Elke versterker is zo goed als zijn voeding. Er wordt wel eens gezegd dat je niet naar de klank van een versterker luistert, maar naar de klank van de voeding. De voeding van de volumeregeling/ingangkeuze is niet erg kritisch, immers die volumeregeling is geheel passief en verzwakt alleen maar. De eerste versterkertrap heeft de beschikking over een eigen ringkerntransformator, een buisgelijkrichter (6X4 buis) en een hybride stabilisator (FET met de buis samen). De voeding is gelijkstroom gekoppeld en maakt het gebruik van een ontkoppelcondensator in de eerste versterkertrap overbodig.
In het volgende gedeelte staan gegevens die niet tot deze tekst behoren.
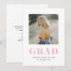 Anuncie sua formatura para familiares e amigos com este cartão de anúncio de formatura personalizável. Ele apresenta uma tipografia em negrito em brilho rosa falso. Personalize este anúncio de formatura com brilho rosa adicionando uma foto, nome, escola e outros detalhes. Este anúncio de formatura com foto moderno está disponível em outro papel cartão.

De UCD400HG modules hebben elk een eigen 300 VA ringkerntransformator en een eigen voedingsprint ter beschikking. Deze UCD-module kan maximaal 400 Watt leveren aan een 4 Ohm luidspreker, maar dan kun je geen impedantie onder de 4 Ohm aansturen. Tentlabs heeft om die reden gekozen voor een lagere voedingsspanning met behoud van een hoge stroomafgifte. Dat garandeert een stroomreserve tot 20A per kanaal en daarom zullen zelfs luidsprekers met een impedantie, die onder de 4 Ohm duikt, goed werken. Het netto vermogen per kanaal komt op `slechts` 230 Watt continu. Uiteraard is er zelfs op hoog vermogen nauwelijks warmteontwikkeling vanwege de gebruikte klasse D schakeltechniek. Het rendement van de versterker is enorm, al doen de buizen dat rendement een beetje teniet. Tenslotte twee laatste technische opmerkingen: de lay-out van de printplaten is zodanig gekozen dat storingen (RF) en emissie (EMC) geen kans maken. De volumeregeling is door de gebruiker zelf te programmeren met RC5 en sommige Sony codes.